PennyLane Documentation

Release:0.7.0

PennyLane is a cross-platform Python library for quantum machine learning, automatic differentiation, and optimization of hybrid quantum-classical computations.

Features

_images/intro.png
  • Follow the gradient. Built-in automatic differentiation of quantum circuits.
  • Best of both worlds. Support for hybrid quantum and classical models; connect quantum hardware with PyTorch, TensorFlow, and NumPy.
  • Batteries included. Provides optimization and machine learning tools.
  • Device independent. The same quantum circuit model can be run on different backends. Install plugins to access even more devices, including Strawberry Fields, IBM Q, Google Cirq, Rigetti Forest, Microsoft QDK, and ProjectQ.

Getting started

For getting started with PennyLane, check out some of the key concepts behind quantum machine learning, before moving on to some introductory tutorials.

Then, take a deeper dive into quantum machine learning by exploring cutting-edge algorithms using PennyLane and near-term quantum hardware, with our collection of QML tutorials.

You can also check out the Using PennyLane section for more details on the quantum operations, and to explore the available optimization tools provided by PennyLane.
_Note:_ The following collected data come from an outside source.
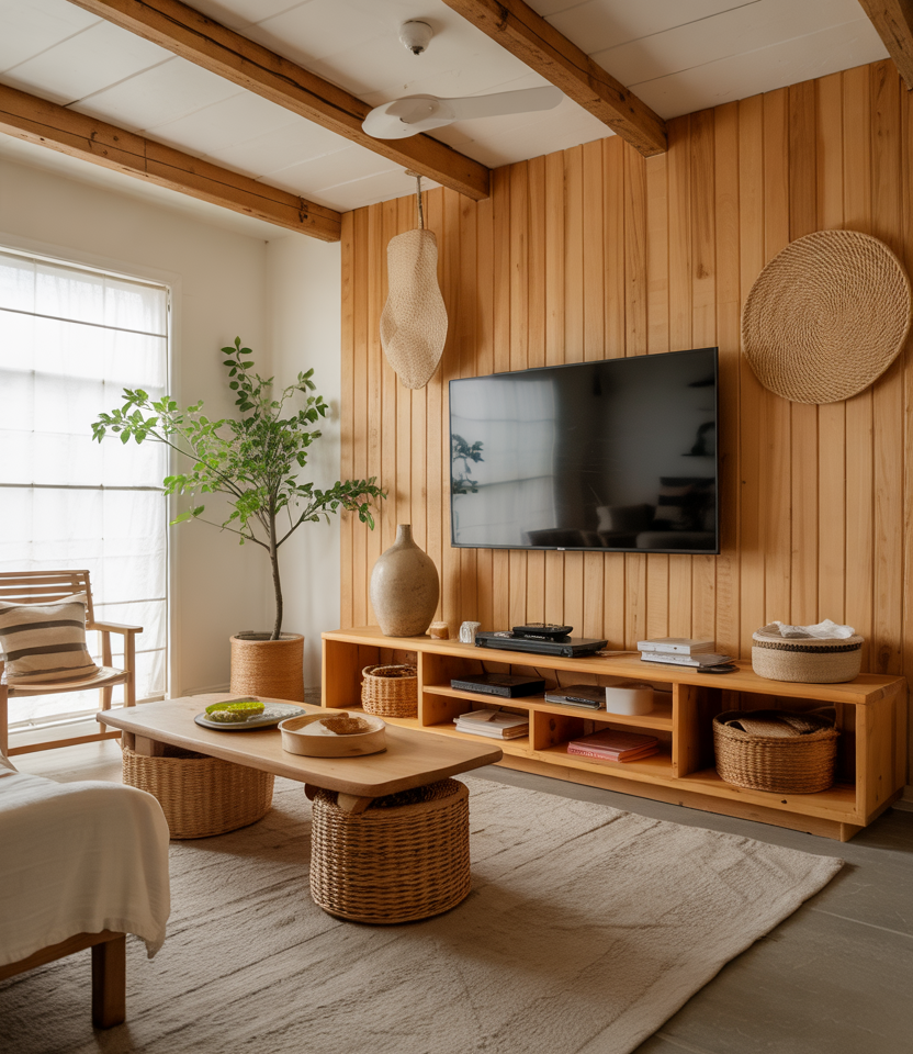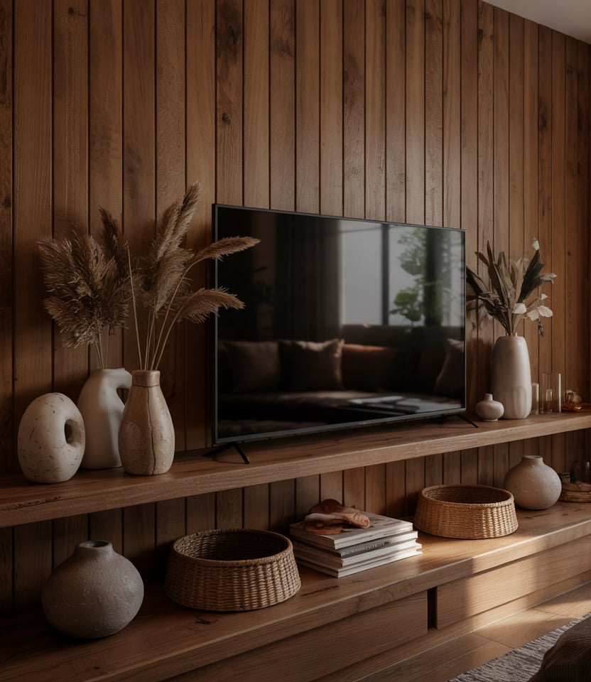 Design your with TV zone to feel grounded. Encase the wall in wood paneling or warm stone veneer, flank the screen with built-in shelves in earthy hues. A brown couch or neutral sofa faces it, and you soften the tech with woven baskets or clay vases.
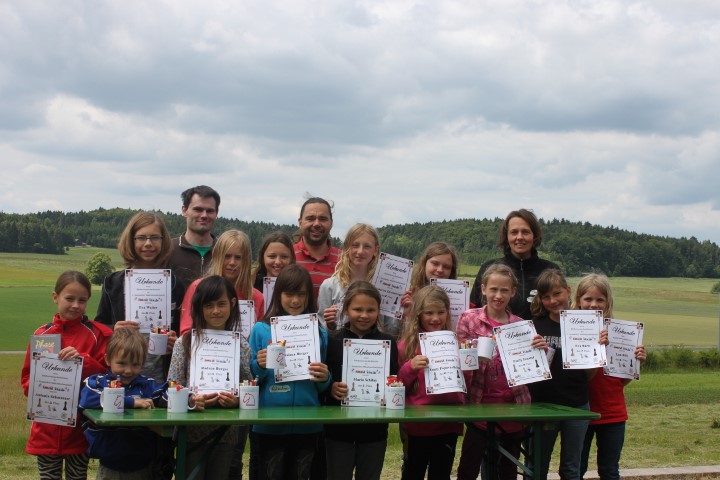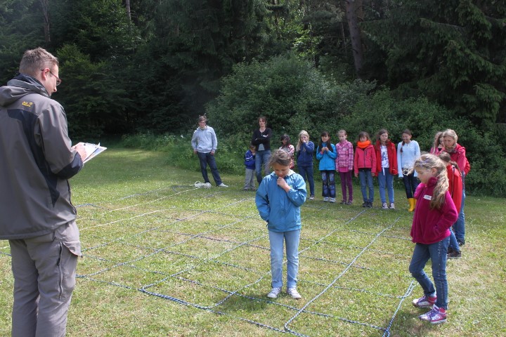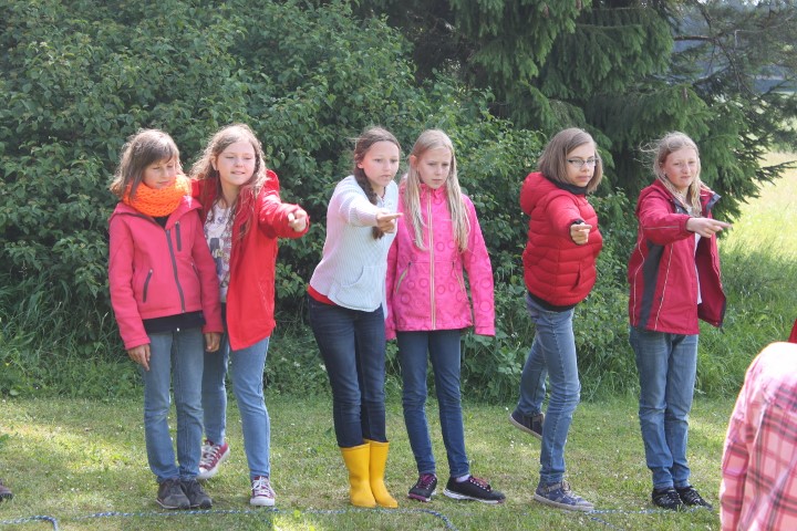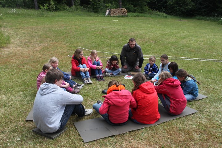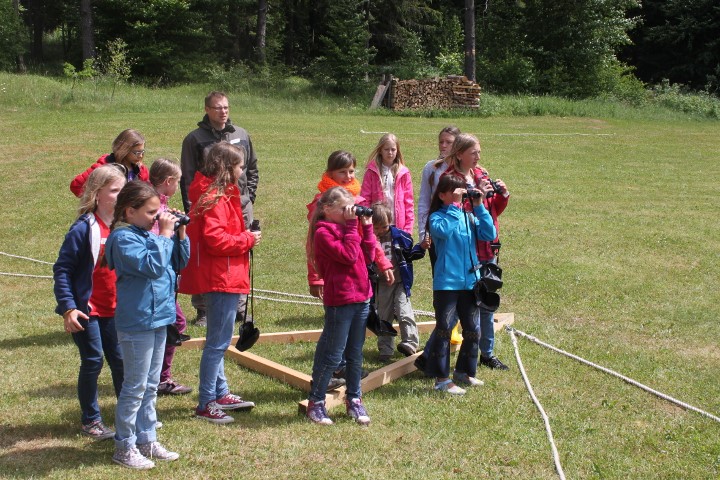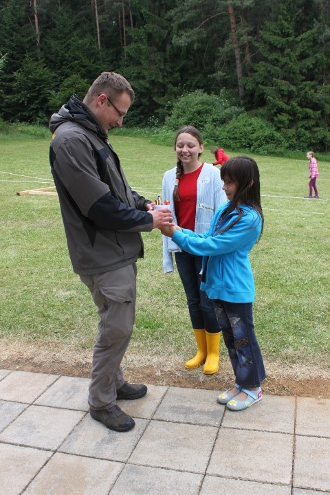 Er erklärte die Namen und Eigenarten unserer heimischen Sing- und Zugvögel, zeigte Fotos und imitierte verschiedene Vogelstimmen und zwar ziemlich gut. Mit gespitzten Ohren lauschten wir draußen auf der Wiese und versuchten die Vogelstimmen zuzuordnen. Danach ging´s dann ans Praktische mit diversen erlebnispädagogischen Spielen und Aufgaben. Die Kinder mussten sich dabei in die Lage einer Vogelschar versetzten und so verschiedene Stationen durchlaufen (Die Vogelschar sortiert sich, ein Ei wird in Sicherheit gebracht, eine Flugroute wird gefunden, ein Wurm wird ins Nest gelegt, gemeinsames Fliegen…), bei denen deutlich wurde, wie wichtig Absprachen, gut zuhören und Konzentration sind, natürlich kein Problem für Schachspielerinnen und solche die es werden wollen :-). So wurden alle Projekte erfolgreich bewältigt. Gegen 17 Uhr verabschiedete sich der Vogelexperte Martin Schmidt von uns und wurde von den Mädchensprecherinnen des SK Neumarkt mit einem Präsent verabschiedet.
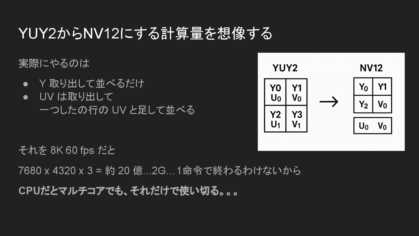 • ハードウェアエンコーダーは大体 NV12 ◦ Y, UV(交互) I420に比べるとメモリ参照が2本で済む • キャプチャーカードは大体 YUY2 ◦ 縦方向の色を混ぜないのでリニアに処理できて映像機器が作りやすい
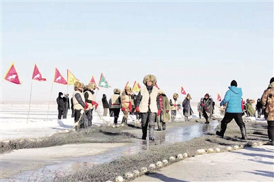 张文介绍,除了坚守这份不变的原则,查干湖每年的冬捕方式也大有讲究。每年临近12月底,当冰湖冷冻到结冰厚度超过60厘米时,冬捕的各项准备就要启动了。“‘识冰’‘镩冰’‘布网’‘出网’是每年冬捕最操劳的4件事。”谈到自己最擅长的领域,张文一下兴奋起来,“识冰就是依靠所学本领,根据冰面情况来分辨鱼群的位置,这是一门独门手艺;尔后,渔工根据我选的鱼群大致位置,测量出冰眼距离后开始凿冰眼,要手工镩出上百个冰眼后才准备下网。布网的网则由96块大网组成,总长度近2000米。”
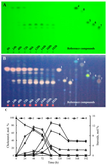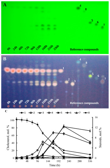 Cholesterol conversion by S. hirsuta in a mineral medium. (A) Identification under UV-light (254 nm). (B) TLC-plate staining with a MnCl2 solution followed by identification under UV light (365 nm). Each sample volume was 100 µL (A,B). (C) Kinetics of steroid products accumulation and cholesterol utilization (HPLC data). Designations: 1, cholesterol; 2, 26-hydroxycholesterol; 3, 3β-hydroxycholest-5-en-26-oic acid; 4, cholest-4-en-3-one; 5, 26-hydroxycholest-4-en-3-one; 6, 3-oxo-cholest-4-en-26-oic acid; 7, 3-oxo-cholesta-1,4-dien-26-oic acid; 8, cholesta-1,4-dien-3-one.
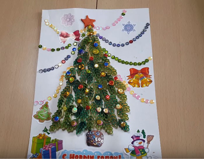 - 3 Komposisi aplikasi buat sendiri untuk kad dan panel Tahun Baru: teknik yang berbeza di tempat kerja

We also have a detailed guide on how to write your own PennyLane-compatible quantum device.

Finally, play around with the numerous devices and plugins available for running your hybrid optimizations—these include IBM Q, provided by the PennyLane-Qiskit plugin, as well as the Rigetti Aspen-1 QPU provided by PennyLane-Forest.

How to cite

If you are doing research using PennyLane, please cite

Ville Bergholm, Josh Izaac, Maria Schuld, Christian Gogolin, Carsten Blank, Keri McKiernan, and Nathan Killoran. PennyLane: Automatic differentiation of hybrid quantum-classical computations. 2018. arXiv:1811.04968

Support

If you are having issues, please let us know by posting the issue on our GitHub issue tracker.

We also have a PennyLane discussion forum—come join the discussion and chat with our PennyLane team.

License

PennyLane is free and open source, released under the Apache License, Version 2.0.